Our study revealed significantly elevated lactylation levels in neuroblastoma tumor tissues, which were associated with advanced disease stages and poor prognoses. We identified 407 LRGs and developed a seven-gene prognostic model that effectively stratified patients by risk, showing robust predictive performance in both internal and external validations. High-risk patients exhibited increased activation of tumor-promoting pathways, including glycolysis and PI3K/AKT signaling, alongside reduced immune cell infiltration, indicative of an immunosuppressive tumor microenvironment. Among the LRGs, KLHL32 emerged as a key tumor suppressor, inhibiting neuroblastoma cell proliferation, migration, and invasion, while enhancing NK cell-mediated cytotoxicity and anti-GD2 immunotherapies response.
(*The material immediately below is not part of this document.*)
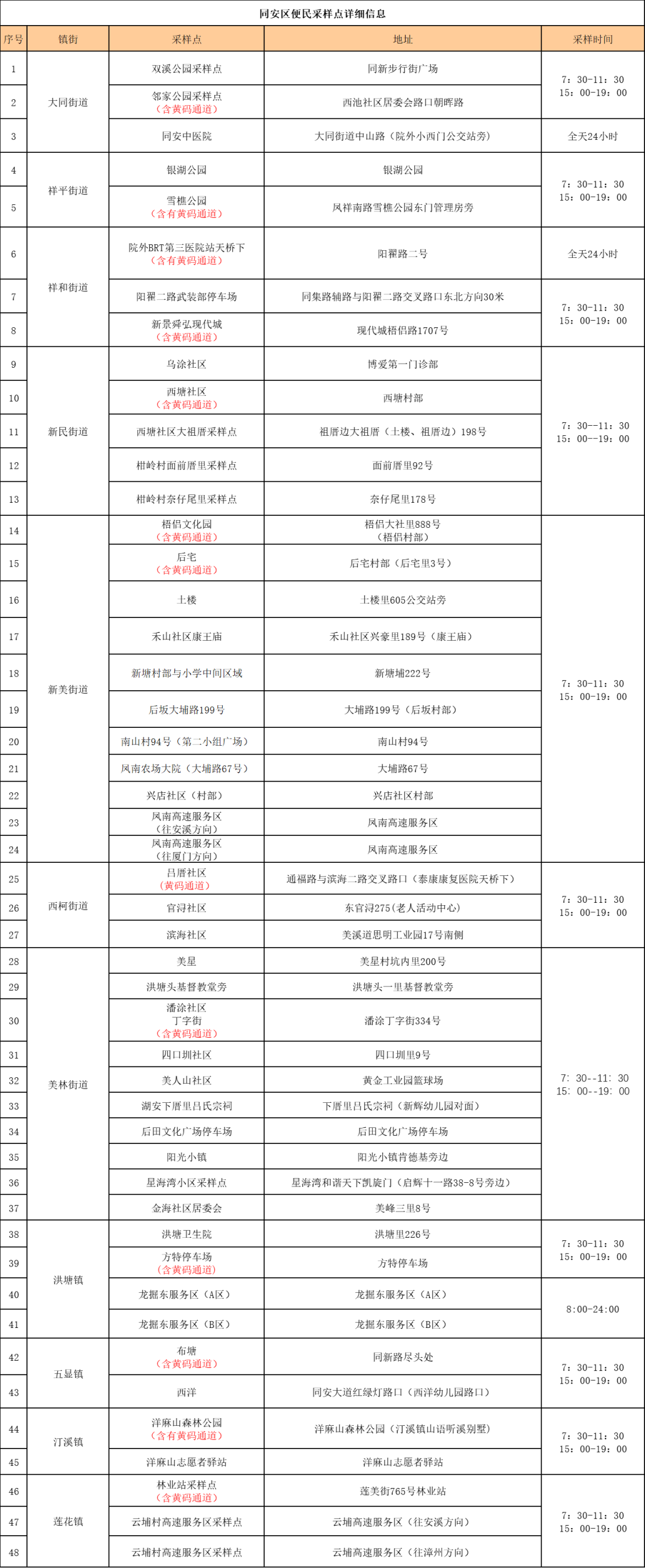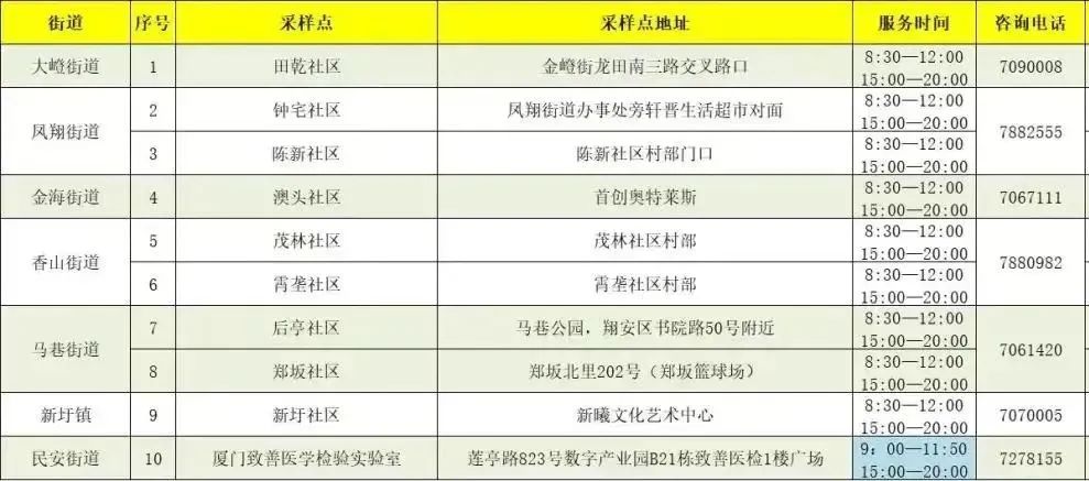 翔安区社区核酸采样点

KLHL32 overexpression suppressed lactate production by downregulating the PI3K/AKT pathway, reducing protein lactylation levels, and promoting anti-tumor immunity.

Conclusion

Our findings establish lactylation as a critical determinant of neuroblastoma progression and prognosis. The seven-gene lactylation-related prognostic model provides a novel tool for patient stratification and therapeutic decision-making. Additionally, KLHL32 represents a promising target for enhancing immunotherapy efficacy by modulating metabolic and immune pathways, offering new opportunities for precision treatment in high-risk neuroblastoma patients.